EXCERPTED RECORDS ▸
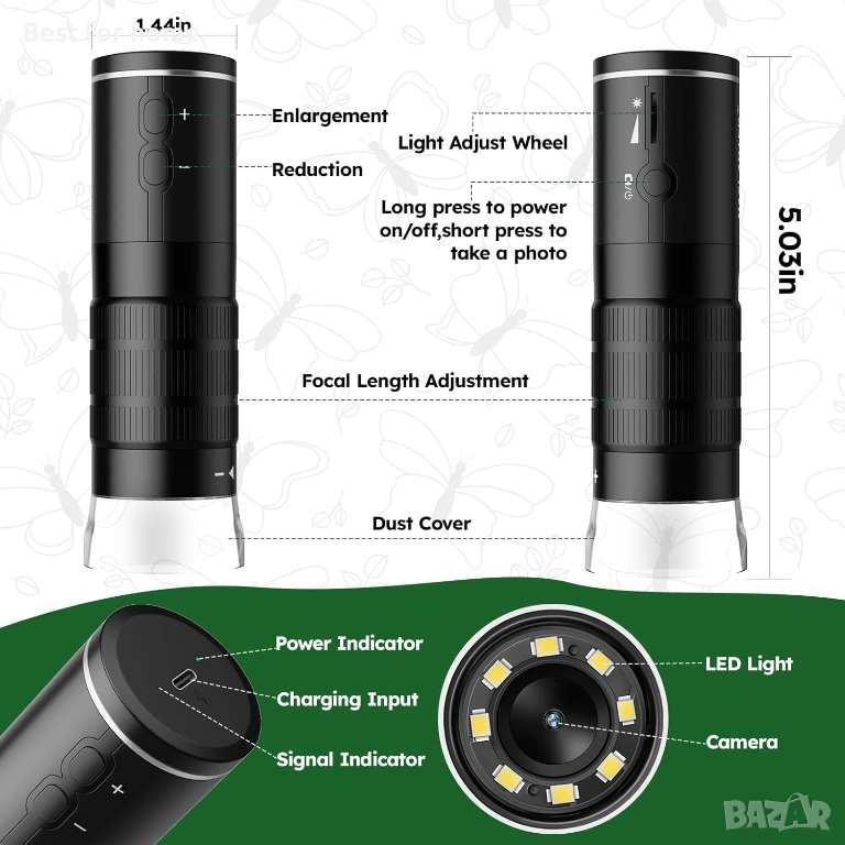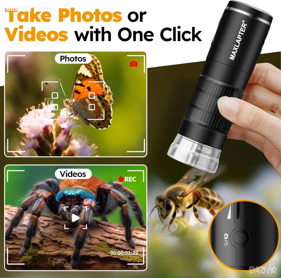 Снимка или видео с едно докосване: Можете да правите снимки или видеоклипове на вашите наблюдения и да ги запазвате на мобилния си телефон чрез бутона на преносимия микроскоп или бутона на приложението. Освен това, можете да увеличавате мащаба 1.2X/1.4X/1.6X/1.8X/2.0X на телефона си чрез бутоните за приближаване и отдалечаване на цифровия микроскоп. (Само с Wi-Fi връзка). Много полезно за записване на цикъла на промяна на наблюдавания обект.
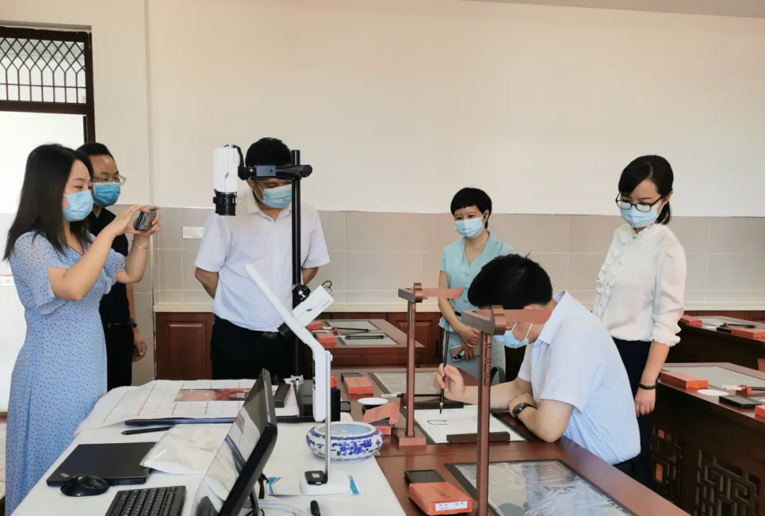 9月10日上午,湖北省當(dāng)陽市委書記劉傳鋼、當(dāng)陽市教育局局長曾祥卿一行到訪當(dāng)陽市新建學(xué)校玉陽中學(xué)熊家山校區(qū),在教師節(jié)來臨之際看望和慰問學(xué)校教師,并考察了學(xué)校的設(shè)施環(huán)境,其中重點(diǎn)考察體驗(yàn)了華文眾合智慧書法教室。據(jù)悉,這間智慧書法教室是當(dāng)陽市首間智慧書法教室,于9月1日開學(xué)日正式投入使用。
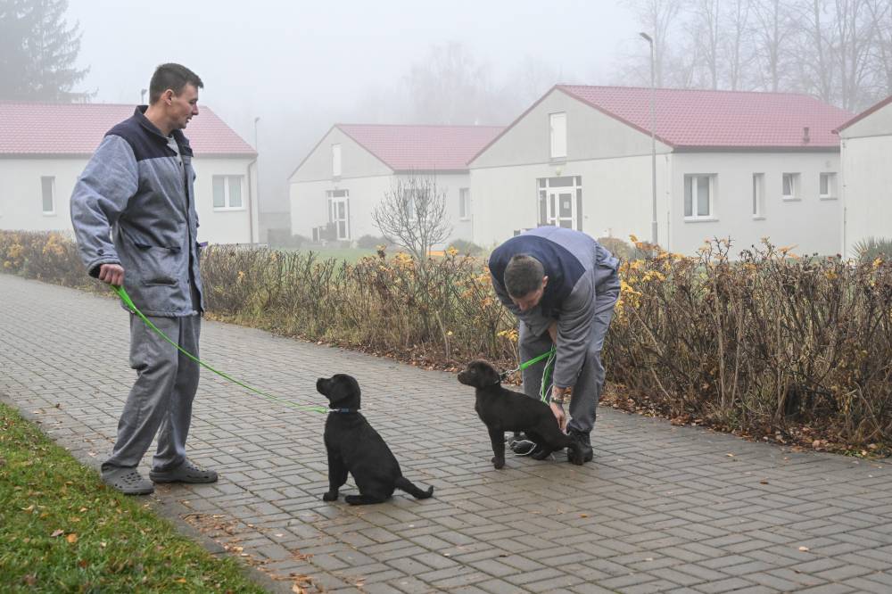 JIRICE, CZECH REPUBLIC—Serving their last year in prison, David Hejny and Marek Kolar have their work cut out as they train puppies Zeus and Zirkon to be assistance dogs for the visually impaired.
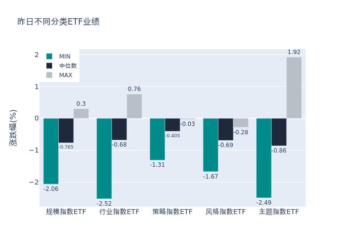 昨日股票型ETF收益率中位数为-0.765%。其中按照不同分类,规模指数中富国国证疫苗与生物科技ETF收益率最高,为0.3%;行业指数中电力ETF收益率最高,为0.76%;策略指数中南方富时中国国企开放共赢ETF收益率最高,为-0.03%;风格指数中华夏中证智选500价值稳健策略ETF收益率最高,为-0.28%;主题指数中国泰中证沪港深动漫游戏ETF收益率最高,为1.92%。
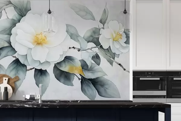 Фототапет Цветя на камелия на клона в акварелен стил, естествени цветове Nr w03761
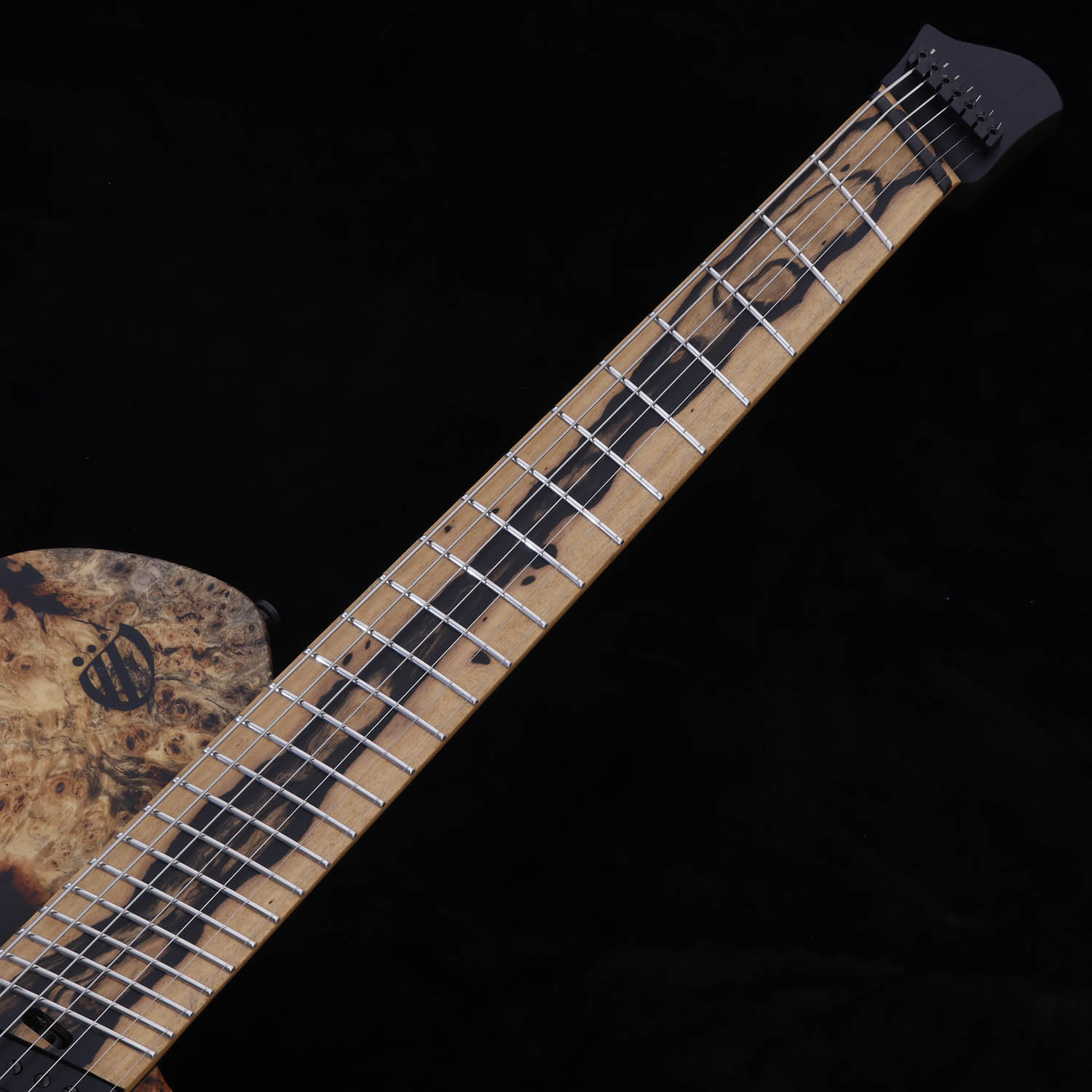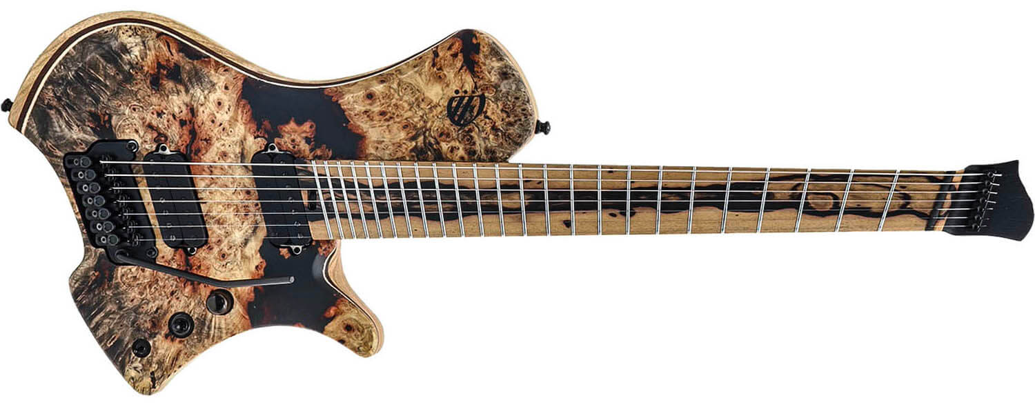 コンパクトなオリジナルシェイプのボディは、バックアイ・バールトップとアッシュの組み合わせ。指板には、ブラック&ホワイト・エボニーとも呼ばれる”ペールムーンエボニー”を採用し、エキゾチックな雰囲気を漂わせています。ネックは、ウェンジとメイプルを組み合わせた5ピース構造です。

AIM OF THE EXERCISE ▸
Everything in the listing above is to be given again exactly, apart from the pictures.

ANSWER FOR THE TASK ▸
 Снимка или видео с едно докосване: Можете да правите снимки или видеоклипове на вашите наблюдения и да ги запазвате на мобилния си телефон чрез бутона на преносимия микроскоп или бутона на приложението. Освен това, можете да увеличавате мащаба 1.2X/1.4X/1.6X/1.8X/2.0X на телефона си чрез бутоните за приближаване и отдалечаване на цифровия микроскоп. (Само с Wi-Fi връзка). Много полезно за записване на цикъла на промяна на наблюдавания обект.
 9月10日上午,湖北省當(dāng)陽市委書記劉傳鋼、當(dāng)陽市教育局局長曾祥卿一行到訪當(dāng)陽市新建學(xué)校玉陽中學(xué)熊家山校區(qū),在教師節(jié)來臨之際看望和慰問學(xué)校教師,并考察了學(xué)校的設(shè)施環(huán)境,其中重點(diǎn)考察體驗(yàn)了華文眾合智慧書法教室。據(jù)悉,這間智慧書法教室是當(dāng)陽市首間智慧書法教室,于9月1日開學(xué)日正式投入使用。
 JIRICE, CZECH REPUBLIC—Serving their last year in prison, David Hejny and Marek Kolar have their work cut out as they train puppies Zeus and Zirkon to be assistance dogs for the visually impaired.
 昨日股票型ETF收益率中位数为-0.765%。其中按照不同分类,规模指数中富国国证疫苗与生物科技ETF收益率最高,为0.3%;行业指数中电力ETF收益率最高,为0.76%;策略指数中南方富时中国国企开放共赢ETF收益率最高,为-0.03%;风格指数中华夏中证智选500价值稳健策略ETF收益率最高,为-0.28%;主题指数中国泰中证沪港深动漫游戏ETF收益率最高,为1.92%。
 Фототапет Цветя на камелия на клона в акварелен стил, естествени цветове Nr w03761
 コンパクトなオリジナルシェイプのボディは、バックアイ・バールトップとアッシュの組み合わせ。指板には、ブラック&ホワイト・エボニーとも呼ばれる”ペールムーンエボニー”を採用し、エキゾチックな雰囲気を漂わせています。ネックは、ウェンジとメイプルを組み合わせた5ピース構造です。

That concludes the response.